Упорный антипсихологизм теоретиков театрального постмодернизма заставляет их искать окольные пути объяснения воздействия эмоциональной напряженности актеров на зрительный зал и иногда приводит к несколько наивному теоретическому натурализму. К тому же, что особенно характерно для феминистских теоретиков, на изложение концепций, как правило, накладывается повышенная эмоциональность личностного отношения. С теоретической точки зрения возникает любопытная проблема: проблема сознательной концептуальной субъективности, очень часто граничащей с невольным кокетством собственным мнением. Этому немало способствует и глубоко укоренившийся игровой принцип в научном рассмотрении любого вопроса. В наше время чуть ли не каждый исследователь в царстве вакхического, или, лучше сказать, дионисийского постмодернизма просто в обязательном порядке примеряет на себя карнавальный костюм «человека играющего» Хейзинги, создавая себе модный имидж theoreticus ludens.
В этом плане рассуждения практиков театра, в том числе и постмодернистского, выглядят куда взвешеннее и обоснованнее. Как писала Ариана Мнушкина, «я склоняюсь к мысли, что целью текстового анализа является попытка все объяснить. В то время как роль актера и режиссера, дистанцирующих себя от последних тенденций, совсем не в том, чтобы объяснять текст. Их роль, конечно, в том, чтобы прояснить, истолковать, а не сделать все еще более неясным. Но что-то нужно оставить зрителю, чтобы он открыл это сам. Это волны, резонансы: актер ударяет в гонг или роняет камень в воду, но не желает предопределять заранее характер волн, возникших от этого, зафиксировать их так, чтобы любой мог сосчитать точное число кругов, расходящихся по воде. Гораздо существеннее, что актер уронил камень просто так, туда, куда его надо было уронить, таким образом, чтобы мог возникнуть любой резонанс: эмоциональный, философский, метафизический, политический… Текстовой анализ идет в другом ритме, он может перечислить все свои компоненты. Актер не может этого сделать: в каждый момент актер должен поддерживать сущностный энергетический баланс. Аудитория, возможно, при этом получает — в соответствии с уровнем и запросами каждого своего участника — то, что ей судьбой предназначено получить» (241, с. 34).
Вместо послесловия: «ЧТО ДЕЛАТЬ ПОСЛЕ ОРГИИ?»
У истории, которая здесь была изложена, нет и не может быть завершения, поскольку ее предмет — постмодерн — все еще существует и развивается на наших глазах; поэтому настоящая книга поневоле способна предложить читателям лишь открытый финал. Тот финал, в котором возможна еще любая бифуркация и прочие «развилки» в идеях и представлениях, как в борхесовском саду «расходящихся троп». Будущее, даже самое ближайшее, непредсказуемо и своим событийным рядом, и его возможным теоретическим осмыслением.

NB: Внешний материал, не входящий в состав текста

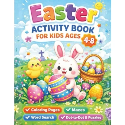 Easter Activity Book for Kids Ages 48: Basket Stuffer with Coloring Pages, Mazes, Word Search, Dot to Dot, and Symetry Drawings — Fun Gifts Boys Girls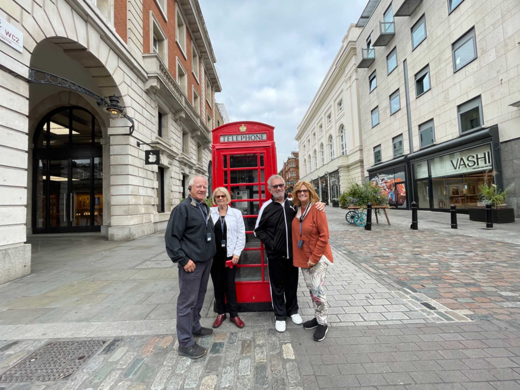 Après notre vol, nous prenons le bus pour une visite panoramique de Londres. Notre guide David Milton nous accompagne. C'est un excellent guide, cultivé et avec le sens de l’humour British et en plus il parle un excellent français. La journée est un peu nuageuse et la température est confortable autour de 20. Chemin faisant, nous remarquons le trafic et les nombreux policiers ainsi que plusieurs barricades érigées pour permettre les cérémonies qui se tiennent en l’honneur de la reine Elizabeth 2, décédée le 8 septembre. Notre guide nous explique l’ordre de succession et le rôle politique du roi Charles III. Nous faisons un arrêt à Covent Garden, un charmant marché agrémenté de nombreux restaurants et cafés, histoire de se délier les jambes et pour certains de prendre une collation.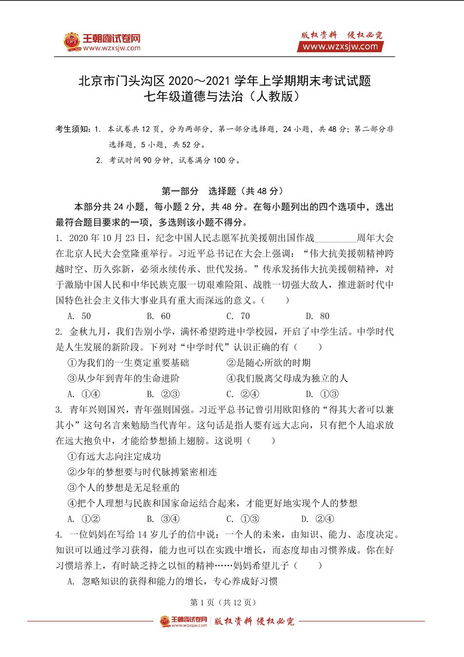 北京市门头沟区2020~2021学年七年级上学期期末考试道德与法治试题(人教版)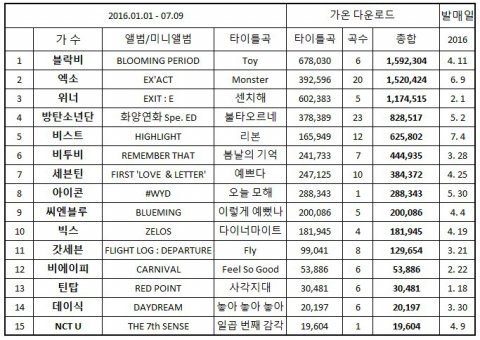 ㅌㅅ에 오른 남돌 다운로드 차트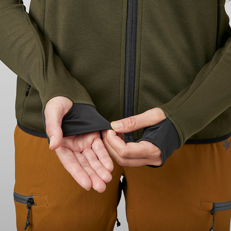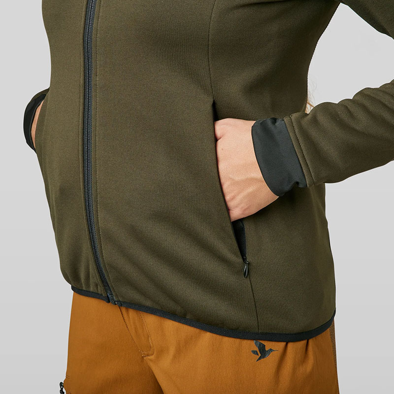 A Seeland Power fleece női pulóver igazán sokoldalú darab, amely gyorsan a kedvenceddé válhat. Puha, magas rugalmasságú anyagból készült, amely kiválóan követi a test mozgását. A beépített kapucni szorosan illeszkedik az arc köré, így hatékony védelmet nyújt a szél és a hideg ellen. A pulóveren két cipzáras elülső zseb található, az ujjak végén pedig gumírozott mandzsetták és hüvelykujj-bújtatók gondoskodnak a kényelemről és a jobb illeszkedésről. A karcsúsított szabás miatt érdemes egy mérettel nagyobbat választani a kényelmesebb, normál illeszkedéshez.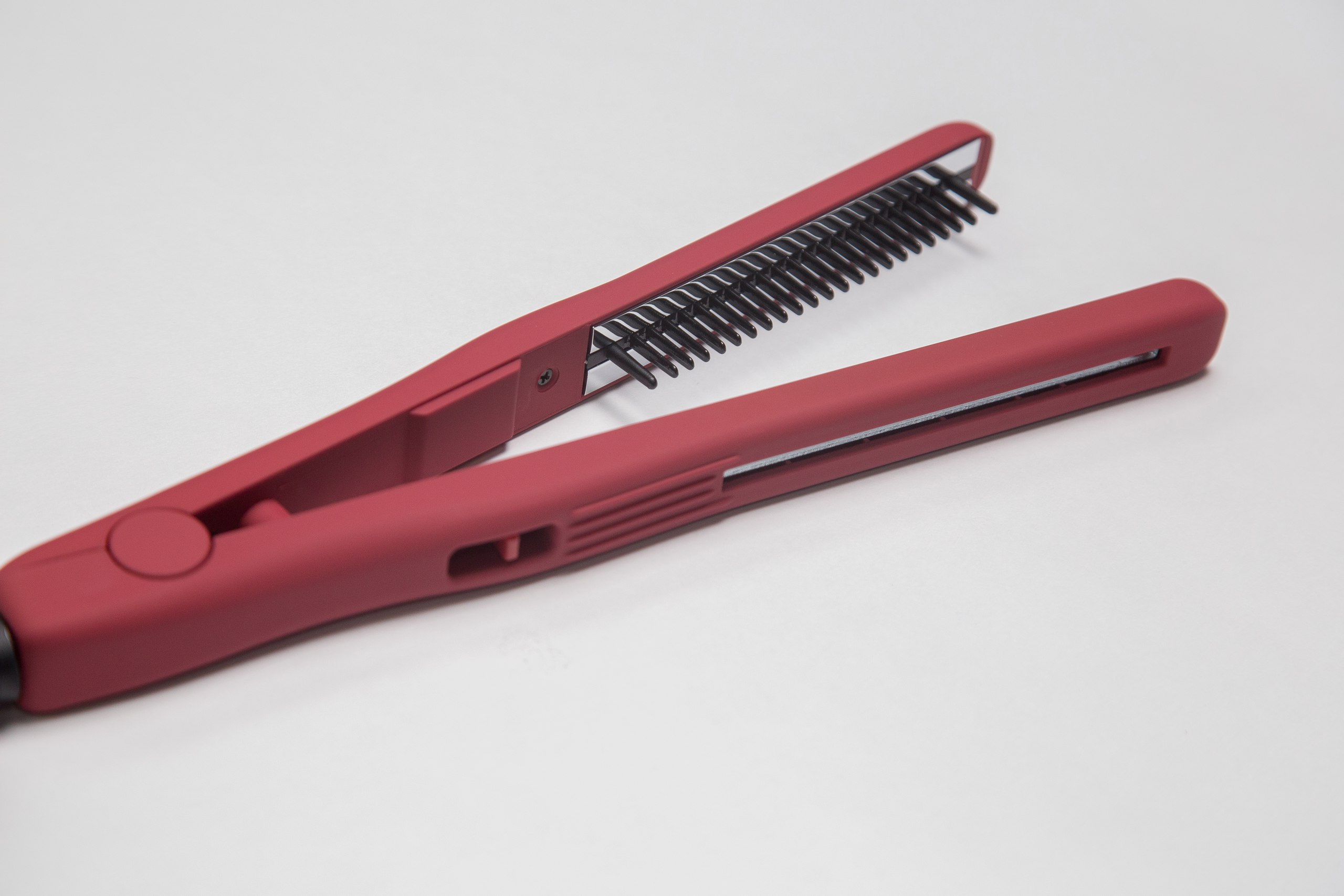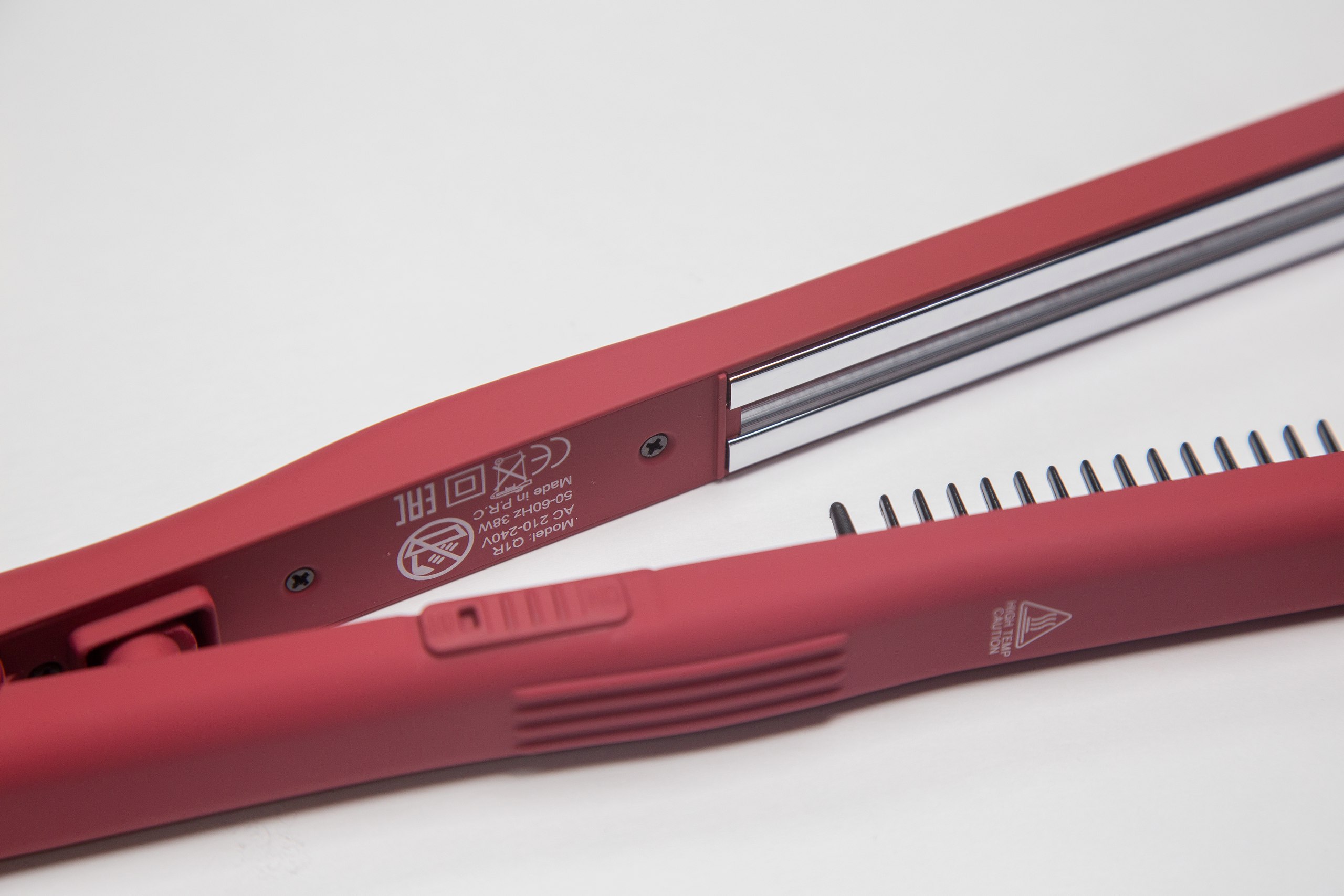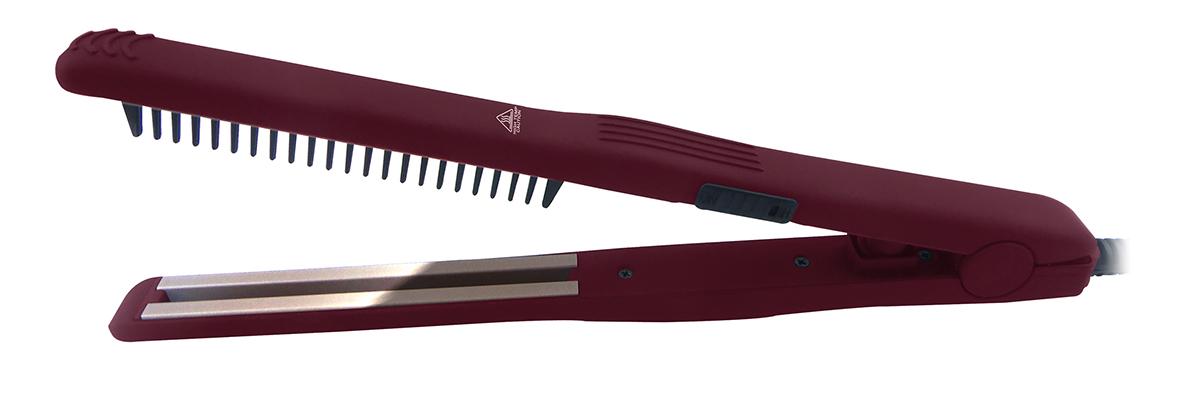 Длина утюжка - 25 см. Длина рабочей поверхности пластин утюжка - 11 см. Ширина пластин - 1,8 см. Расческа с турмалиновым покрытием. Покрытие корпуса Soft Touch Pro. Кнопка фиксации полотен. Зеркальное титановое покрытие расчески-утюжка обеспечивает равномерный нагрев и качественное скольжение. Подходит для укладки волос коротких и средних, а так же для укладки усов и бороды.

Не исключая возможности самых неожиданных сюрпризов, мы, тем не менее, можем предложить читателю по крайней мере три теоретических варианту концептуального осмысления постмодерной современности, которые могут определить облик теоретического мышления будущего. О концепции «культурного номадизма» Ж. Делеза и Ф. Гваттари уже говорилось, и, судя по отклику, который она получила среди культурологов, социологов и философов, ведется интенсивная работа по ее наполнению конкретными данными, получаемыми в результате того, что можно было бы назвать «полевыми исследованиями» в разных сферах культурного сознания.
Свою версию «мягкого», или вернее «кроткого постмодерна» предлагает Жиль Липовецкий. В книге 1992 г. «Сумерки долга: Безболезненная этика демократических времен» (219), продолжая линию, намеченную еще в «Эре пустоты: Эссе о современном индивидуализме» (1983) (221) и «Империи эфемерности: Мода и ее судьба в современных обществах» (1987) (220), ученый отстаивает тезис о безболезненности переживания современным человеком своего «постмодерного удела», о приспособлении к нему сознания конца XX века, о возникновении постмодерного индивидуализма, больше озабоченного качеством жизни, желанием не столько преуспеть в финансовом, социальном плане, сколько отстоять ценности частной жизни, индивидуальные права «на автономность, желание, счастье»: «Постмодерное царство индивида не исчерпывается стремлением выявить уровень конкурентоспособности одних по отношению к другим, «героизмом» победителя и своего собственного созидания, оно неотделимо от возросшего требования к качеству жизни, включая теперь и условия труда. Гипериндивидуализм приводит не столько к обострению стремления превзойти других, сколько к увеличению нетерпимости по отношению ко всем формам индивидуального презрения и социального унижения. Быть самим собой и победить свою индивид дуальность — это значит не только выбрать свои собственные модели поведения, по и предъявлять к межчеловеческим отношениям требование этического идеала равенства прав личности» (219, с. 290).